Here’s another tidbit from John Thorn’s Baseball in the Garden of Eden (Simon & Schuster 2011).
I had always though baseball caught on in Cuba in the 1890’s around the time of the Spanish American War, which was also a time when barnstorming teams were making heralded Caribbean trips. According to Thorn, baseball reach Cuba at least 20 years earlier.
It was apparently common well before the Spanish American War and possibly as far back at the 18th century for wealthy and upper middle class Cubans to send their children to the U.S. for higher education and to make life-long business contacts. One of these young Cubans was Esteban “Steve” Bellan who came to New York from Havana at age 13 to attend Fordham University’s Rose Hill preparatory school.

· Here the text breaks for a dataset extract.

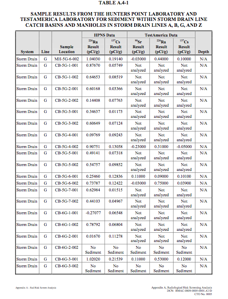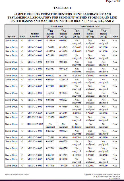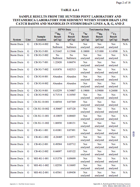 The main reason for concentrations in drain lines at Alameda Point is because of all the concrete pavement that sends high volumes of water runoff into drains. The levels of Cesium and Strontium concentrations in the investigative samples were within the range that could be expected from worldwide fallout of nuclear weapons testing.

Despite the relatively late start to take up baseball, Bellan quickly established himself on the diamond, so much so that he eventually became the first Cuban ever to play in a U.S. professional baseball league. He played in the National Association’s first three seasons from 1871 through 1873, the first two years for the Troy Haymakers and then briefly in ’73 for the New York Mutuals. His best season was 1872 when he hit .278 in 23 games (Troy played only 25 league games that season), roughly splitting his time between shortstop and third base.

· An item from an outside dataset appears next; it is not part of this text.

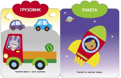 Книжка с многоразовыми наклейками. В игровой форме книжки учат ребенка запоминать цвета и правильно пользоваться наклейками.

After seven games for the Mutuals in 1873 in which he hit only .189, Bellan returned to Cuba at age 23 and quickly set about organizing a baseball team there, presumably largely consisting of other young Cubans who had been educated in the U.S. and developed a passion for baseball too. Thorn writes that in 1874 Bellan’s Club Havana defeated Club Matanzas in the first organized, or at least documented, baseball game played in that country. Thorn also notes that each team played with 10 men in that first game, with the second baseman playing on or near the bag and a “right shortstop” playing between second and first.
Baseball must have caught on like wildfire in Cuba, because under Bellan’s direction the Professional Baseball League of Cuba was formed in 1878 and continued without interruption until 1961, after the Cuban Revolution, when Castro abolished professional baseball and replaced the Cuban League with an “amateur” national system, the highest level of which, the Cuban National Series, was, of course, “amateur” in name only and continues to this day.

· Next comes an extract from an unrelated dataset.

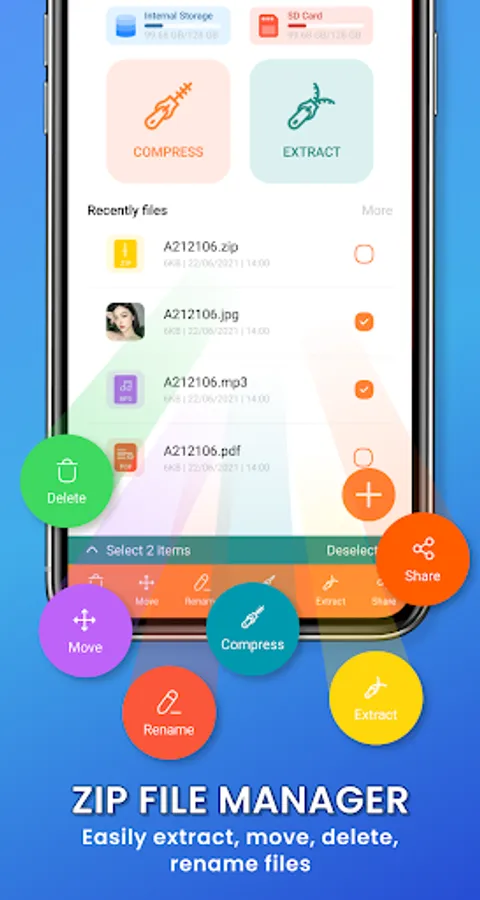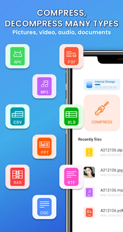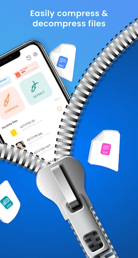 Zip App is the best choice when you want to extract zip, rar, 7zip files. Use app to compress files, decompress files quickly, ensure files are not corrupted or damaged during decompression on your phone.

In the winter of 1879, a group of American players who would play for the NL’s Worchester Ruby Legs in 1880 made a barnstorming tour of Cuba. In addition, two players who played for the NL’s Syracuse Stars in 1879, Hick Carpenter and Jimmy Macullar, actually played in the Cuban League that winter for the Colon Club, starting the tradition of American players playing in the Caribbean winter leagues which survives to this day.
Those of you who regularly read mlbtraderumors.com know we have been hearing all winter long about Cuban defectors Yoenis Cespedes, who just signed a four year $36 million contract with the Oakland A’s, and Jorge Soler, who is also expected to sign an eight-figure contract soon. Now you know it all started with Steve Bellan back in the 1870’s.
[Post Script: one final thing I learned from Thorn’s book is a better understanding of a statement from Bill James’ Historical Baseball Abstract that the early National League didn’t necessarily contain the nation’s best professional teams.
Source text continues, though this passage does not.